===== THE DATA =====

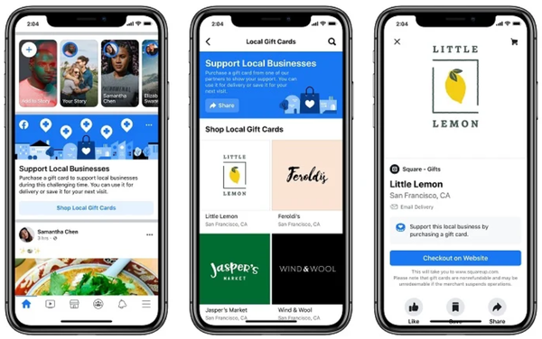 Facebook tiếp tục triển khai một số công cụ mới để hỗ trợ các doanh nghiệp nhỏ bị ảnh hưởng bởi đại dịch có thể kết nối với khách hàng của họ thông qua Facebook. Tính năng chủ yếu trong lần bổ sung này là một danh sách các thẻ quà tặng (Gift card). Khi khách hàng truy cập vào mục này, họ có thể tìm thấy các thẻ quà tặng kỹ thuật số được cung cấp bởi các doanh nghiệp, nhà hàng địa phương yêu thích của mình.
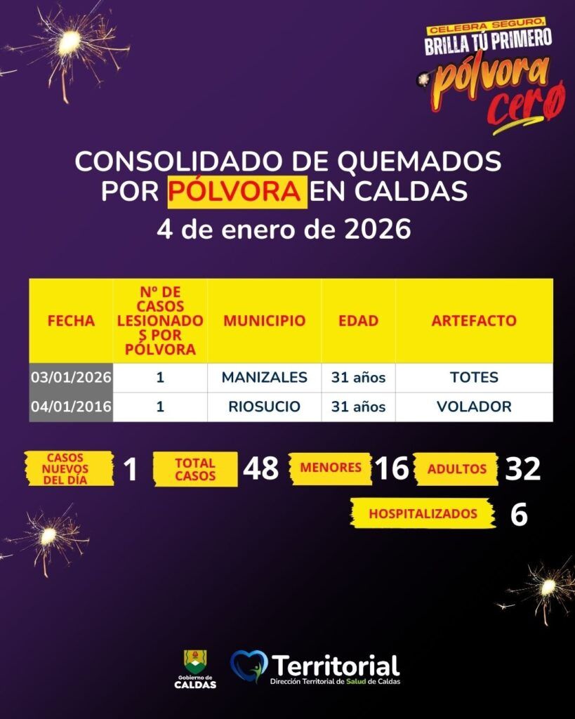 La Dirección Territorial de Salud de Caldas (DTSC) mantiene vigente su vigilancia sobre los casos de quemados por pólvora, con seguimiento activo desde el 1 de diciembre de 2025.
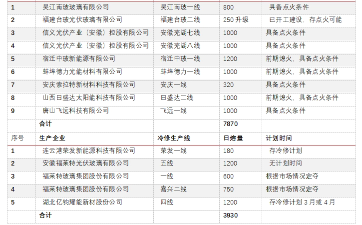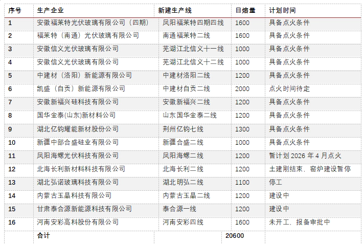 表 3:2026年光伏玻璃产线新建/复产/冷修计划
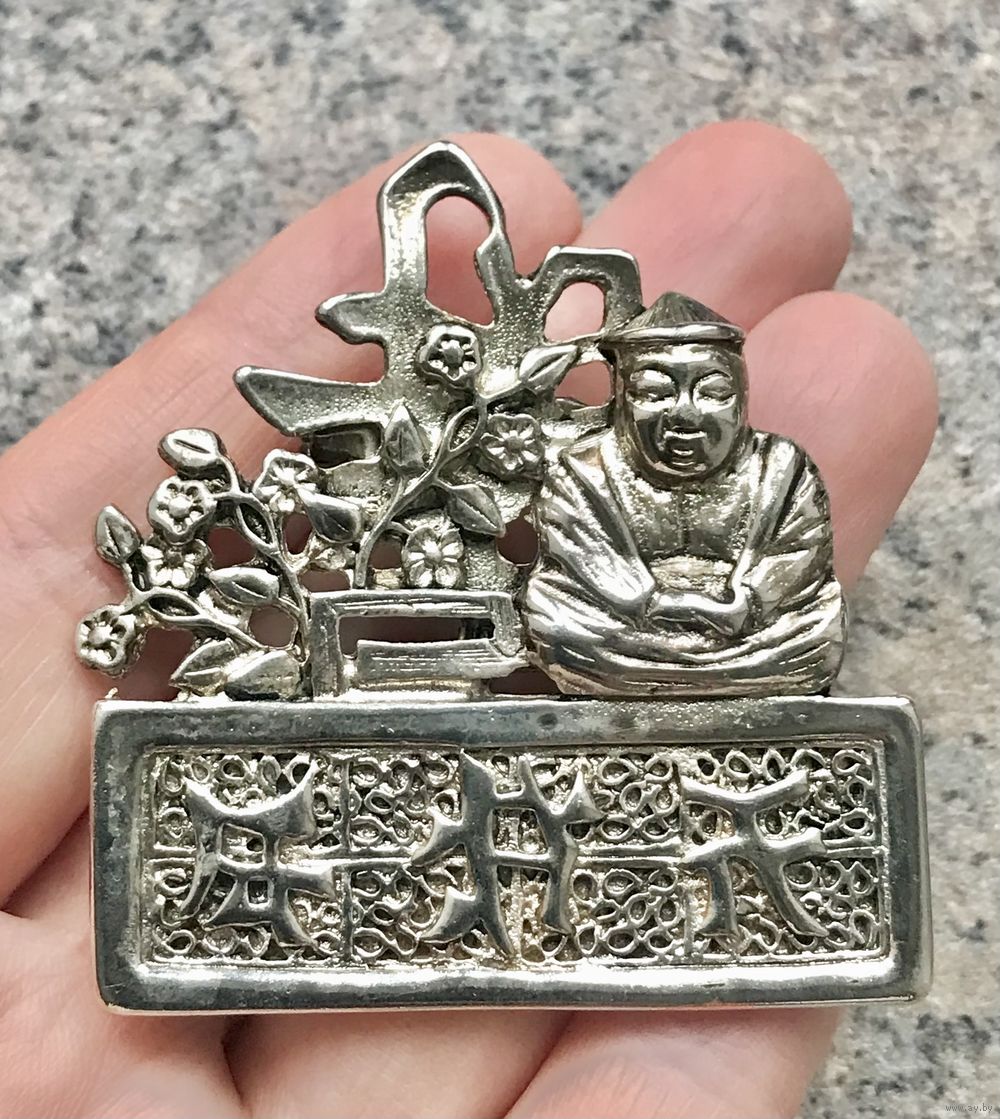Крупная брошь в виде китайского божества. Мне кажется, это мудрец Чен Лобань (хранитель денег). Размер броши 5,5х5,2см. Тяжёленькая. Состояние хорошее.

=====

TASK REQUIREMENTS: Reproduce exactly the line containing "La Dirección Territorial" and every line after it in the material above, up to and including the last. Exclude all pictures.

SOLUTION FOR THIS EXERCISE:
 La Dirección Territorial de Salud de Caldas (DTSC) mantiene vigente su vigilancia sobre los casos de quemados por pólvora, con seguimiento activo desde el 1 de diciembre de 2025.
 表 3:2026年光伏玻璃产线新建/复产/冷修计划
Крупная брошь в виде китайского божества. Мне кажется, это мудрец Чен Лобань (хранитель денег). Размер броши 5,5х5,2см. Тяжёленькая. Состояние хорошее.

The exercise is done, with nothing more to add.